Intensive workshops provide in-depth training in the implementation of reproducible research practices for one or more topics. These workshops take at least four hours. Depending on the number of topics covered, intensive workshops may be spread over several days. R4E members typically design these sessions to provide intensive instruction within their areas of expertise. Outside experts may also be invited to teach sessions on additional topics. This type of workshop is best suited for a smaller (<50) group of participants.
Over the years, our community has grown and diversified substantially, consisting of scientists who taught one, or many R4E workshops. To date, we have reached more than 3000 researchers through over 30 workshops, which were predominantly held at international conferences and spanned numerous life science disciplines (e.g. ecology, biotechnology, plant sciences, neuroscience and many others). In addition, we have hosted several webinars that allowed researchers from all around the world to join, including webinars for early career scientists participating in the eLife Community Ambassadors Program.

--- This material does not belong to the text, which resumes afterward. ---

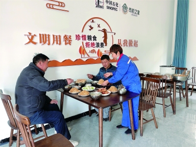 在深入开展“我为群众办实事”实践活动中,河南周口石油按照“2+7+X”(“2”指提供加能、购物两项基本服务,“7”即提供停车、休息、餐饮等7项核心服务,“X”是指提供若干项配套服务)的标准精心选点,在位于国(省)道交叉口处的商水东海加油站建成首个“司机之家”,让货车司机能够喝口热水、吃口热饭、洗个热水澡、睡个安稳觉,受到好评。 图为11月6日,加油站员工为货车司机送上丰盛的午餐。 王海霞 摄

Investigators and conference organizers can request to host a workshop led by our volunteers or use our materials to learn more about responsible research practices and offer their own training.
The goal of our training is to introduce participants to a reproducible scientific workflow. Individual scientists or laboratories can make their research more reproducible by implementing as many of the steps introduced in our workshops as they are comfortable with (Figure 2). Feedback on our workshops indicate that 80% of participants learned important new aspects of reproducibly research practices and are very likely to implement at least some of the presented tools in their own research workflows in the future.
Figure 2.
Approaches that scientists can use to increase the reproducibility of their publications.

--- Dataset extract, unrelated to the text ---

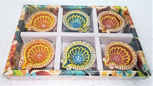 Polished CLAY ECD-20A 6 PCS DIYA BOX, Color : Multicolors
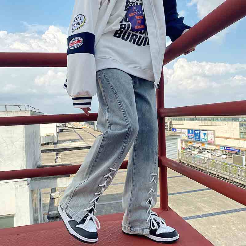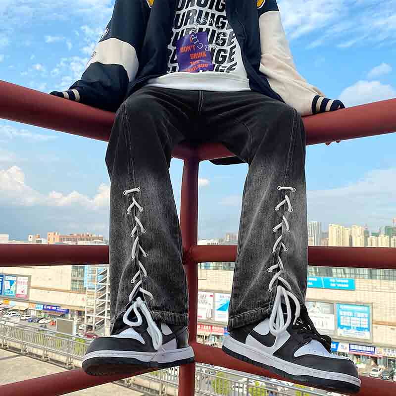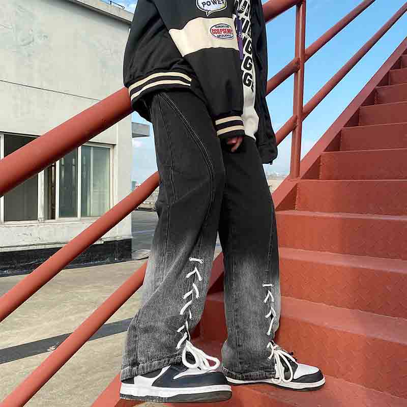 Tide, штаны, джинсы, дизайнерский ремень, в американском стиле, градиент, тренд сезона, свободный крой

From top to bottom, approaches that can be used on their own or in combination to increase the reproducibility of experiments, ordered from least reproducibility to most. The column on the right includes details of tools and resources than can be used to help scientists take each specific approach.
It is important to point out that this will likely work best as a stepwise, iterative process to avoid scientists from feeling overwhelmed with implementing too many changes at once. When writing a research paper, the largest impact on the reproducibility of your work can be made by incorporating the following changes: adding a detailed list of materials used for the research, that includes research resource identifiers (RRIDs; https://scicrunch.org/resources) and catalog numbers for all materials (kits, antibodies, seeds, cell lines, organisms, etc.) that were created or used during the study. Ideally, newly generated reagents or organisms are deposited at appropriate repositories to enable easy access for other scientists. Incorporating a detailed and specific methods section is crucial to reproduce the research. Ideally, protocols are deposited at a repository, and the DOI number of the respective protocol is incorporated in the methods section. Large data sets, including all metadata, should be deposited in public data repositories to generate findable, accessible, interoperable, and reusable (FAIR) data (Sansone et al., 2019). Finally, bioinformatic analytic pipelines and scripts can easily be shared via Github, Anaconda, or computational containers such as Singularity. At a minimum, authors should list and cite all programs used, including version numbers and parameters.
We would also like to point out that a supportive environment is critical for these efforts to be properly adopted in a research environment. Being the first one to speak up about irreproducible research practices at your lab or institute can be challenging, or in some cases even isolating. In this case, getting involved with a local ReproducibiliTea journal club or reaching out to the initiative to start a chapter of your own can help you connect with like-minded individuals. Similarly, joining the R4E community and discussing these situations with our community members can help you find solutions to convince your peers and supervisors of the importance of incorporating reproducible research practices.
How can scientists use the R4E materials?
There are several ways for researchers to take advantage of the materials presented here to teach reproducible research practices. First, researchers can request a workshop run by the Reproducibility for Everyone team for a conference via email ([email protected]). Alternatively, researchers can use the slides and training materials available on our website to organize their own workshops. Reproducibility can be integrated into the research curriculum by asking trainees to organize and run a poster workshop at an institutional or departmental research day. Trainees can also discuss individual topics at journal clubs or as part of a methods course, after which they can develop plans to implement the identified solutions in their own research. Upcoming workshops and other opportunities to get involved and contribute will be shared through our Twitter account (@repro4everyone) and website (https://www.repro4everyone.org/).
Conclusions
Widespread adoption of new tools and practices is urgently needed to make scientific publications more transparent and reproducible. This transition will require scalable and adaptable approaches to reproducibility education that allow scientists to efficiently learn new skills and share them with others in their lab, department and field.
R4E demonstrates how a common, public set of materials curated and maintained by a small group may form the basis for a global initiative to improve transparency and reproducibility in the life-sciences. Flexible materials allow instructors to adapt both the content and workshop format to meet the needs of the audience in their discipline. Continued training on reproducibility could be promoted in the laboratory by for instance changing every nth journal club to an educational meeting, discussing the latest developments in the reproducibility field.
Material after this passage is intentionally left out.